Jeff Gold’s inaugural lecture is well worth watching. The conundrum he refers to in the title is ‘a position where a nominated leader is expected to be a leader while power and influence are significantly distributed throughout and between organisations.’ These ideas of distributed leadership are becoming increasingly accepted as the new reality of many organizations. Jeff offers hope and help to those people expected to lead and floundering around to work out exactly what that means. He argues that leaders need to become ‘hands-on’ and ‘heads-in’, which is essentially, if I have understood his piece, active facilitators of learning and change. Jeff Gold is co-editor of The Gower Handbook of Leadership and Management Development
I like to make sure we balance stories about success and failure in the blog, so that it doesn’t simply become a digital Cassandra. But there are very useful articles out there on the causes of project failure and Howard Hills research report 33 Reasons Why e-Learning Project Fail is a case in point. I recommend it to trainers and e-learning developers alike. Although it’s ostensibly about project failure there is a raft of pragmatic (and rigorous) advice to ensure project success, so it’s not all doom and gloom. Howard Hills is author of Team-Based Learning and Individual Preferences in e-Learning
Sadly, in a number of companies, there is still something of a gap between the rhetoric around developing employees and the reality. Stuart Emmett’s refreshing article on the subject, ‘Learning in Companies’, offers you a mirror to hold up to your own organization’s performance in this area. Stuart Emmett is co-author of The Relationship-Driven Supply Chain.

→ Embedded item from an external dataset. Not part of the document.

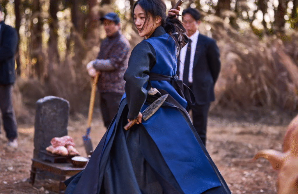Usually, rituals in horror movies are dark, quiet, and disgusting. In Exhuma, the ritual is a banger. The drums are loud, the rhythm is intense, and Hwa-rim dances with knives while slaughtering a pig with the charisma of a K-Pop group’s “Center.”

One of the great aspects of the Internet are all the tools that you can access, often free of charge, that can provide a super starting point for more detailed reading or research. Have a look at ‘Questions to Assess the Psychological Contract’ on the Clutterbuck Associates website. For anyone struggling to articulate what they want from their work (or for employers struggling to understand their relationship with their employees), this offers a useful icebreaker to the process. David Clutterbuck is editor of The Situational Mentor and co-author of the forthcoming Working Without Goals.